Die zur Gänze unbegründete Nichtigkeitsbeschwerde des Angeklagten Horst D***** war sohin zu verwerfen.

Das Geschworenengericht verurteilte den Angeklagten nach §§ 28 Abs 1, 75 StGB zu lebenslanger Freiheitsstrafe. Dabei wertete es das Zusammentreffen mehrerer strafbarer Handlungen verschiedener Art, die einschlägigen Vorstraftaten (zwei Verurteilungen jeweils wegen des Vergehens der Körperverletzung nach § 83 Abs 1 StGB und eine - erst am 3.Februar 1993 rechtskräftig gewordene - Verurteilung wegen der Vergehen der gefährlichen Drohung nach § 107 Abs 1 StGB und der Körperverletzung nach § 83 Abs 2 StGB) sowie den raschen Rückfall während eines (im Tatzeitpunkt) noch nicht rechtskräftig abgeschlossenen Strafverfahrens als erschwerend, während es als mildernd das überwiegende Tatsachengeständnis hinsichtlich des Verbrechens des Mordes, das Geständnis hinsichtlich der übrigen Straftaten, daß das Verbrechen der (schweren) Nötigung beim Versuch blieb und die "psychoneurotische Persönlichkeit" - womit ersichtlich die Charakterneurose (S 349/I) des Berufungswerbers gemeint ist - berücksichtigte.

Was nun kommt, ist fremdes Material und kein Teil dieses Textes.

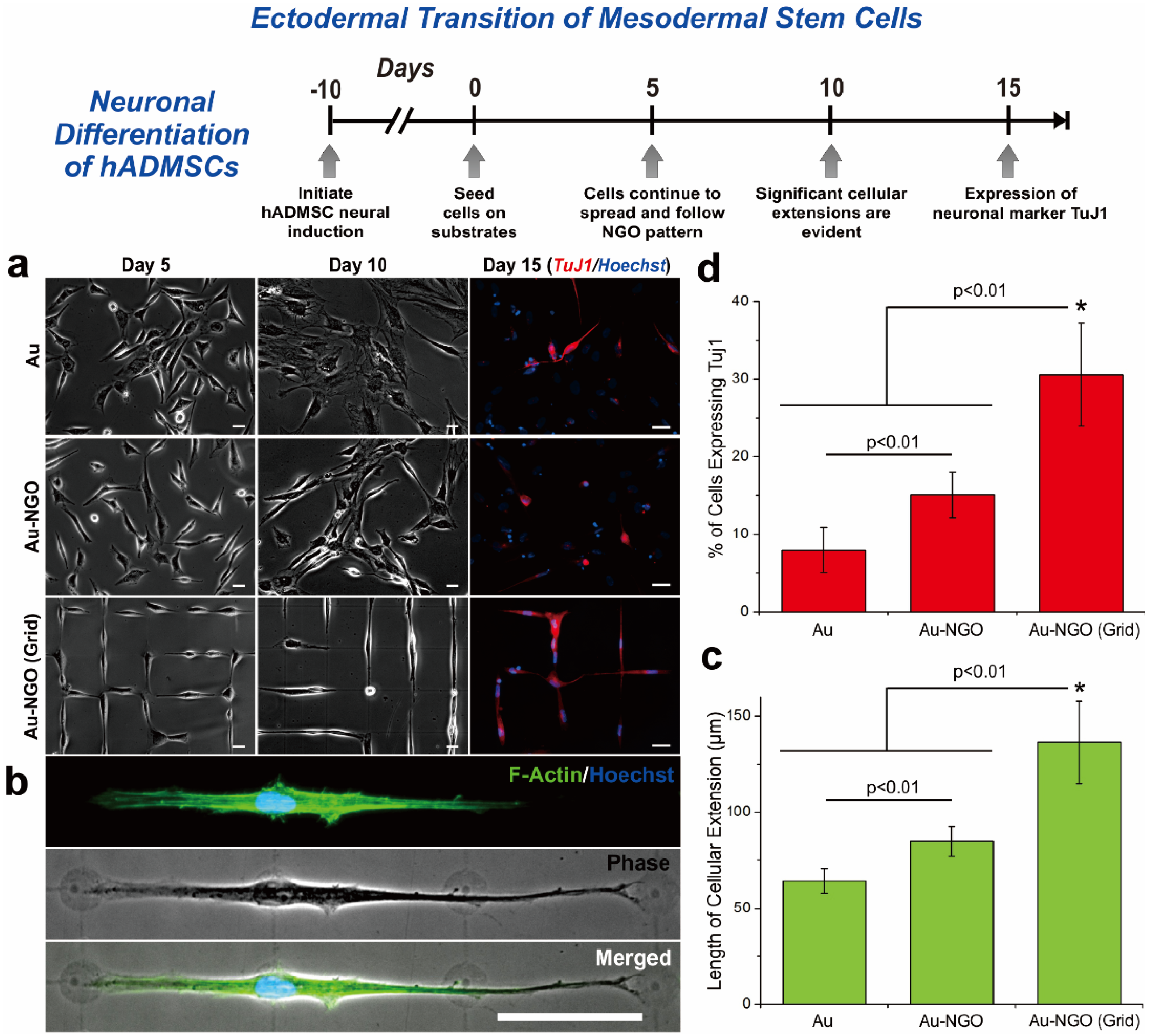 Neuronal differentiation of hADMSCs using NGO grid-patterned substrate. (a) Pictures of hADMSCs cultured on PLL-coated Au [Au], NGO-coated Au [Au-NGO], and NGO grid-patterned substrates [Au-NGO (Grid)]. Differentiation of hADMSCs confirmed by the neuronal marker TuJ1 (red) and nucleus (blue). Scale bars = 20 μm; (b) Optical and fluorescence images of hADMSCs stained for F-actin (green) and nucleus (blue). Scale bar = 50 μm; (c) Quantitative analysis of the length of cellular extension on various substrates (n = 3; * p < 0.01, Student’s unpaired t test); (d) Quantitative analysis of the percentage of cell showing the neuronal marker TuJ1 on various substrates (n = 3; * p < 0.01, Student’s unpaired t test). Reprinted with permission from [82]. Copyright 2015 American Chemical Society.

Der Berufung, mit welcher der Angeklagte die Verhängung einer zeitlichen Freiheitsstrafe anstrebt, kommt keine Berechtigung zu.

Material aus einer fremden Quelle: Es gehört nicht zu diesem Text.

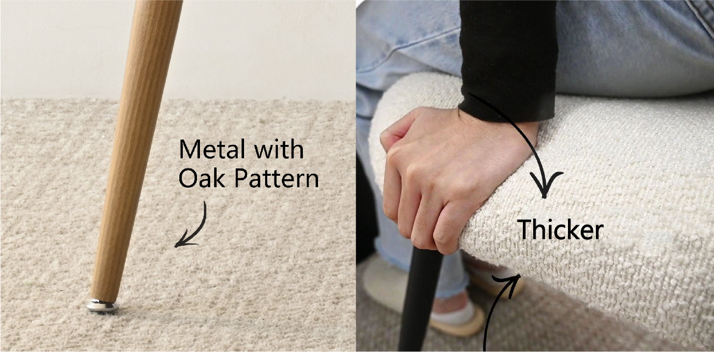 The contemporary bouclé fabric adds a modern, cozy touch that fits right in with any decor.The woven rattan? It's actually high-quality plastic that looks just like the real thing but won't get damp, moldy, or develop odors. The metal legs are incredibly sturdy, with a wood grain finish so realistic they could easily pass for wooden legs.

Das Erstgericht würdigte die gegebenen Strafzumessungsgründe entsprechend ihrem tatsächlichen Gewicht. Horst D*****, den weder die bisherigen strafgerichtlichen Verurteilungen, noch der Vollzug empfindlicher Freiheitsstrafen oder eine bedingte Entlassung zu rechtstreuem Verhalten bewegen konnten, verantwortet den heimtückischen Mord an einer wehrlosen Frau, die sich ua beim Vollzugsgericht für seine bedingte Entlassung eingesetzt und mit großer Langmut bemüht hatte, einer mit den rechtlich geschützten Werten nicht verbundenen, charakterlich defekten Person immer wieder Hilfestellung zu leisten (S 21 f/II).

Die vom Tatopfer zuletzt betriebene Delogierung kann dem Angeklagten nicht als mildernd zugute gehalten werden, weil er seine Schwiegermutter durch sein Verhalten auf eine Art und Weise provoziert hat, welche sogar seine Verurteilung zu einer Freiheitsstrafe und den Widerruf einer bedingten Entlassung nach sich zog.

Wird all dies bei Ausmessung der verwirkten Strafe gebührend berücksichtigt, so zeigt sich, daß angesichts der besonderen Schwere der personalen Täterschuld (§ 32 StGB) die Verhängung einer (bloß) zeitlichen Freiheitsstrafe im vorliegenden Fall - auch unter Bedachtnahme auf die in der Berufung vorgetragenen Argumente - nicht in Betracht gezogen werden kann.

Auch der Berufung war daher der Erfolg zu versagen.

Die Kostenentscheidung ist in § 390 a StPO begründet.